3.4 O fazer narrativo e o narrador

Se você está se preparando para trabalhar com narrativas infantis sinalizadas, determinadas posturas são imprescindíveis de serem adotadas. Para Dohme (2013), um narrador que permanece sentado, sem expressão facial e corporal, sem explorar todas as suas habilidades corporais com o objetivo de envolver o espectador na história, não pode ser considerado um bom narrador.

Fonte: Imagem do Projeto Era uma vez em Libras, cedida por Michelle Luisa Teixeira

A preparação do narrador é fundamental, pois seus gestos, voz e a escolha de suas estratégias devem estar coerentes com a narração, dando vida ao conto. Esses são detalhes fundamentais em se tratando de um público-alvo composto por crianças, pois, do contrário, é possível que fiquem confusas durante a narrativa e não compreendam claramente o texto.

É importante que o narrador esteja atento aos exageros, pois pode eles podem tirar o foco do roteiro e de pontos cruciais no corpo do conto. Precisa encontrar o equilíbrio para contagiar as crianças através de sua atuação interativa.

Na contação em língua de sinais o narrador precisa ter a sensibilidade de perceber que, em alguns momentos,  nenhum sinal é necessário, basta uma expressão facial para transmitir o sentimento daquele trecho às crianças. O narrador não pode ser uma pessoa inibida, precisa se desprender de qualquer limitação interpretativa que possa levar a um autojulgamento de estar sendo ridículo.

As contribuições de Rigolet (2009) abordam questões do trabalho com a literatura infantil. Com base em suas experiências com narrativas infantis, a pesquisadora apresenta alguns aspectos que NÃO são recomendados:

Essas estratégias podem reduzir drasticamente a possibilidade de a criança imaginar, de imprimir sua criatividade na construção da história, de criar formas, características e cenários. Circular com o livro pela sala não garante que todas as crianças tenham acesso à visualização de forma satisfatória, além de criar duas frustrações: a primeira, é a de não ser contemplada com a liberdade de criar seu próprio cenário para a história, e a segunda, de não ter uma visualização plena das ilustrações do livro.

Além do mais, isso pode levar à dispersão da atenção, à perda do interesse por não provocar nelas aquele mistério da sucessão dos acontecimentos, o suspense da intriga e todo encantamento que somente a musicalidade da narração pode garantir.

Então, quais são as estratégias ideais a serem adotadas durante as narrativas?

É ideal que o narrador esteja atento a:

Tanto crianças ouvintes quanto surdas podem fazer uma analogia entre o que imaginaram e a ilustração escolhida pelo autor.

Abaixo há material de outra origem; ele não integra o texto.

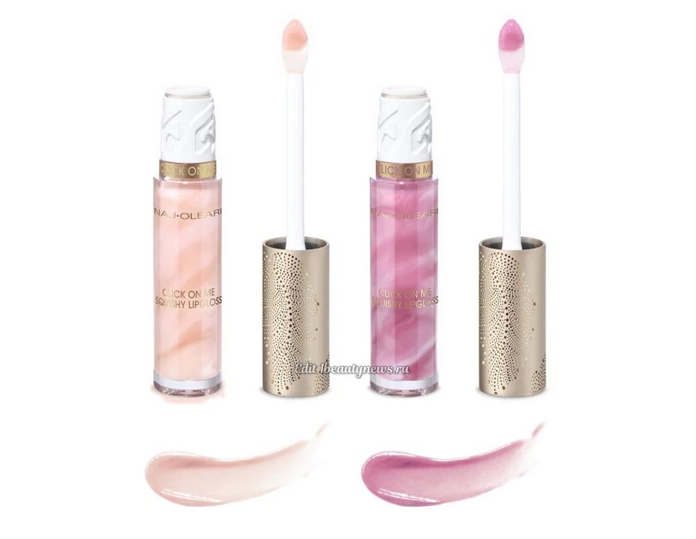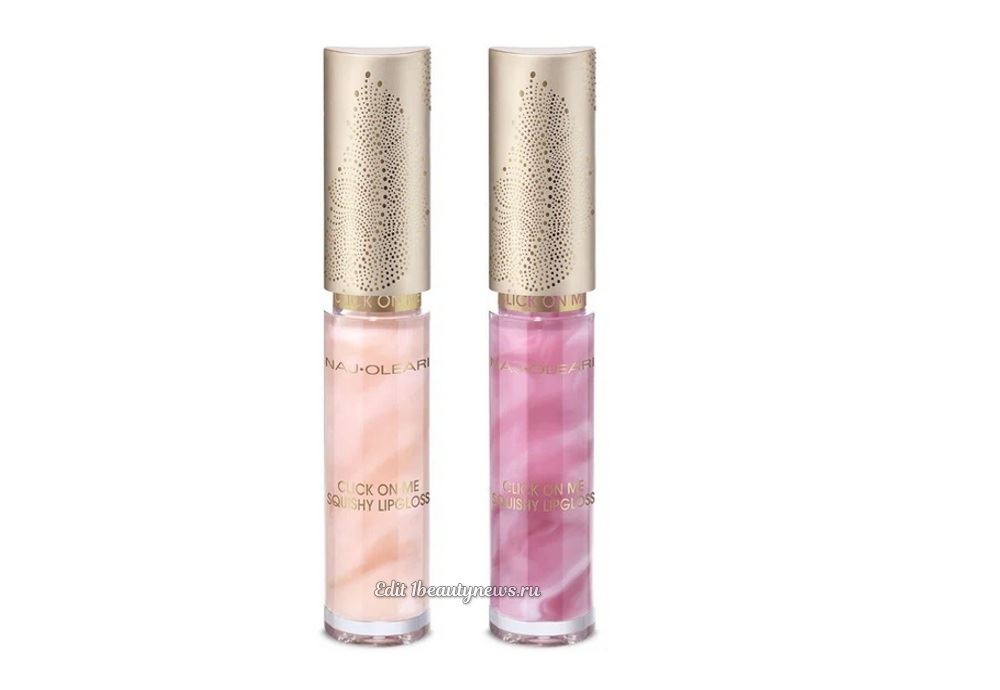 ✨ Блеск для губ Naj Oleari Click On Me Squishy Lip Gloss — звезда коллекции: ультраглянцевый блеск с мраморным узором и питательным маслом кунжута. Придает губам легкий оттенок с нежным ароматом карамели. Вышел в 2 оттенках:

É possível que elas comentem umas com as outras sobre suas impressões do que imaginaram e do que foi ilustrado.

Nelly Coelho (2000) salienta a importância da exploração de recursos visuais no trabalho com narrativas infantis. Recomenda o uso de imagens em data show ao fundo, durante a narrativa, contanto que o narrador não seja o responsável por trocar as imagens. Então, se você costuma usar o data show como recurso visual, acertou em cheio!

Caso a história seja traduzida e interpretada por um tradutor-intérprete de Libras, sabe-se que ele não é o responsável pela seleção das histórias, mas pode ajudar o professor a selecionar temas que sejam de interesse não somente das crianças surdas, mas também das crianças ouvintes. Conhecer a história que será interpretada é importante para que esse profissional possa se preparar melhor para o momento de atuação.

O narrador, seja o professor ou o intérprete, pode e deve detalhar a descrição de cenários, personagens e organização espacial. Durante a interpretação da história, o narrador adota estratégias visuais que favorecem a identificação e a relação desses elementos. Esse processo ocorre primeiramente na mente do narrador, que precisa organizar a relação de sentidos no espaço de enunciação com o objetivo de chegar à percepção visual da criança de forma coerente e significativa.

Atividades planejadas de contação de histórias são importantes, pois partem de objetivos claros e ajudam a observar de forma mais focada o envolvimento das crianças. A forma como o narrador se dirige ao espectador provoca a interação e essa acontece em meio à narrativa, durante o fluir da imaginação. Mesmo que a criança não se manifeste em meio à narrativa, pode estar interagindo produzindo imaginação.

Observar o comportamento da criança surda enquanto o narrador intérprete de Libras traduz e interpreta as histórias pode ser um momento rico de descobertas e de produção de novos significados na atividade de narrativas infantis.

Ao final, o narrador pode oportunizar diferentes formas de interação sobre a narrativa, oferecendo oportunidades para a criança se posicionar e expor seu conhecimento. Isso pode contribuir para tornar a criança mais proativa e produtiva, desinibida e participativa. Um adulto com esse perfil tem mais chances de agir sobre sua realidade e contribuir em sua comunidade.